This work addresses the instability of On-Policy Distillation (OPD) caused by high-variance single-sample Monte Carlo gradient estimates and the absence of effective stabilization mechanisms. The authors formalize OPD as a policy gradient reinforcement learning problem and propose vOPD, which introduces a closed-form value function baseline to reduce gradient variance while preserving unbiasedness. This baseline is constructed from per-token negative reverse KL divergences, requiring no additional critic network or inference overhead, and naturally supports an efficient top-k sparse approximation. Experimental results demonstrate that vOPD significantly outperforms the original OPD on mathematical and scientific reasoning benchmarks, achieving performance comparable to computationally expensive full-vocabulary methods while enabling efficient and stable distillation training.

On-Policy Distillation (OPD) has emerged as a dominant post-training paradigm for large language models, especially for reasoning domains.
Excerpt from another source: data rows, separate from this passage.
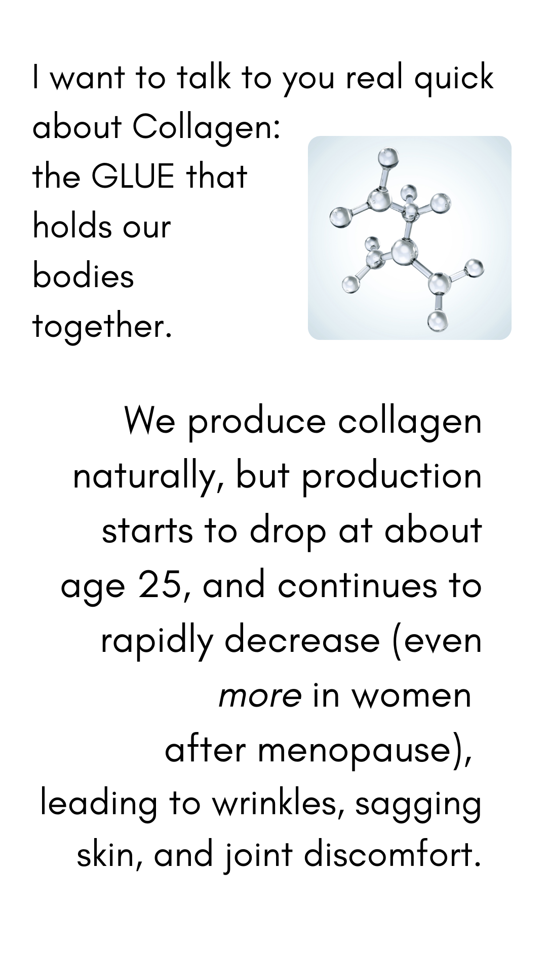 Our bodies produce collagen naturally and it is in abundance when young, (“baby soft skin”) but unfortunately 𝑝𝑟𝑜𝑑𝑢𝑐𝑡𝑖𝑜𝑛 𝑠𝑡𝑎𝑟𝑡𝑠 𝑡𝑜 𝑑𝑒𝑐𝑙𝑖𝑛𝑒 at about age 25, and continues to rapidly decrease as we age. It decreases even more in women after menopause. This decrease leads to wrinkles and sagging skin. There is no way to prevent collagen decreases in the body.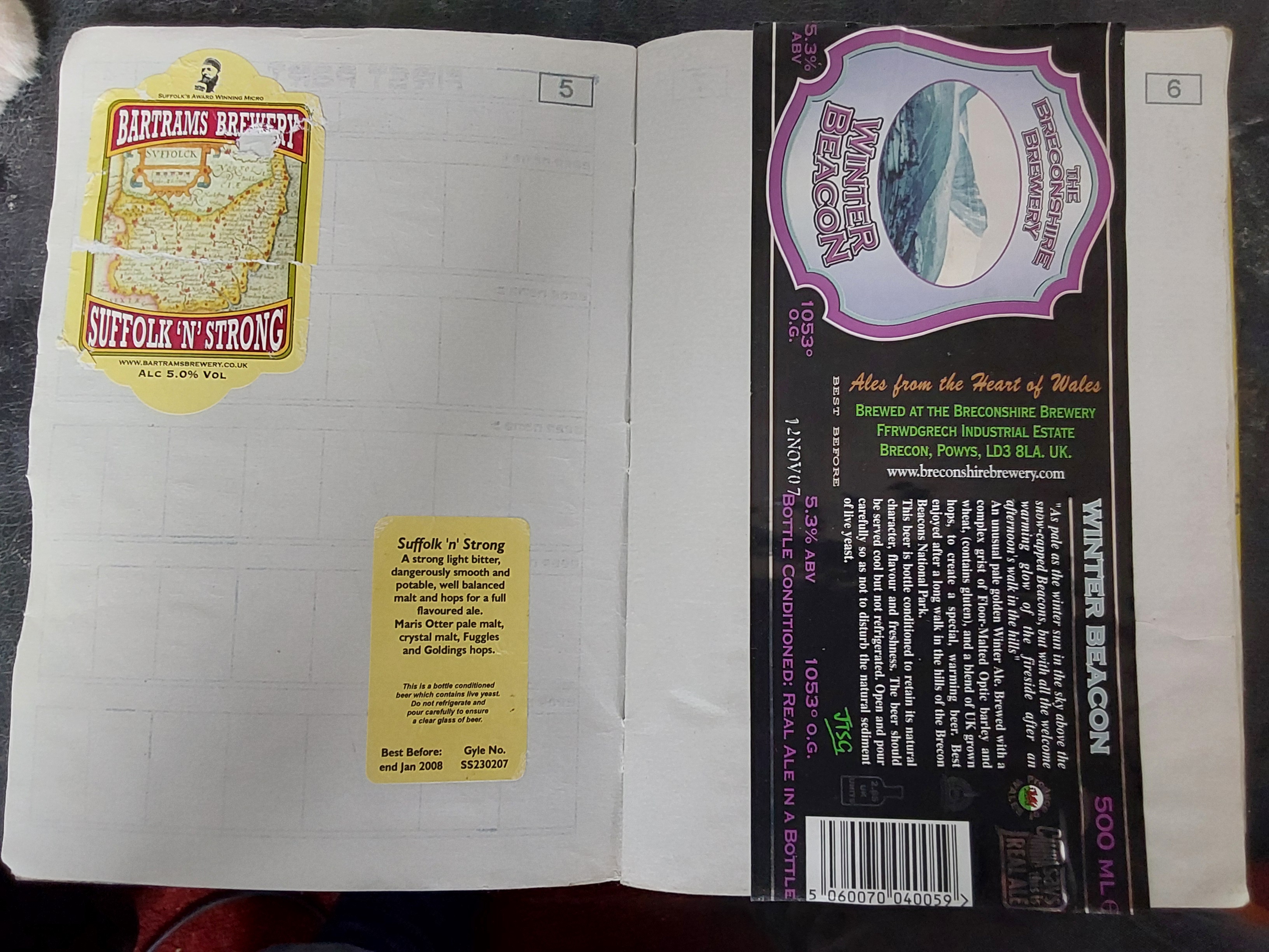 | Date and Time | Container | Pub/Place and Where | Strength ABV | Colour | Score Components | Score | Descriptive word(s) | Book No. |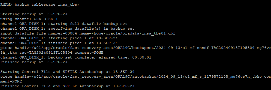 backup tablespace insa_tbs;

However, OPD remains unstable in practice due to the high gradient variance of its single-sample Monte Carlo estimator, and recipes for stable training are still immature. We propose vOPD (On-Policy Distillation with a control variate baseline), which casts OPD as policy-gradient RL and stabilizes it by introducing a control variate baseline-canonically a value function -- from the RL literature. We show that the OPD value function admits a closed form as the per-token negative reverse KL divergence between the student and the teacher, available directly from the already-computed forward pass with no additional critic or inference. Existing stabilization methods either compute the full token-level reverse KL over the entire vocabulary, adding significant overhead, or restrict it to a top-k support, biasing the objective. vOPD instead preserves the lightweight single-sample estimator, subtracting the value function as a detached baseline to keep the gradient unbiased while reducing variance. Furthermore, we show that a top-k approximation of the baseline further lowers cost without compromising performance. Across mathematical and scientific reasoning benchmarks, vOPD consistently outperforms vanilla OPD and matches the most expensive full-vocabulary baseline, offering an efficient stabilization of On-Policy Distillation through principled RL variance reduction.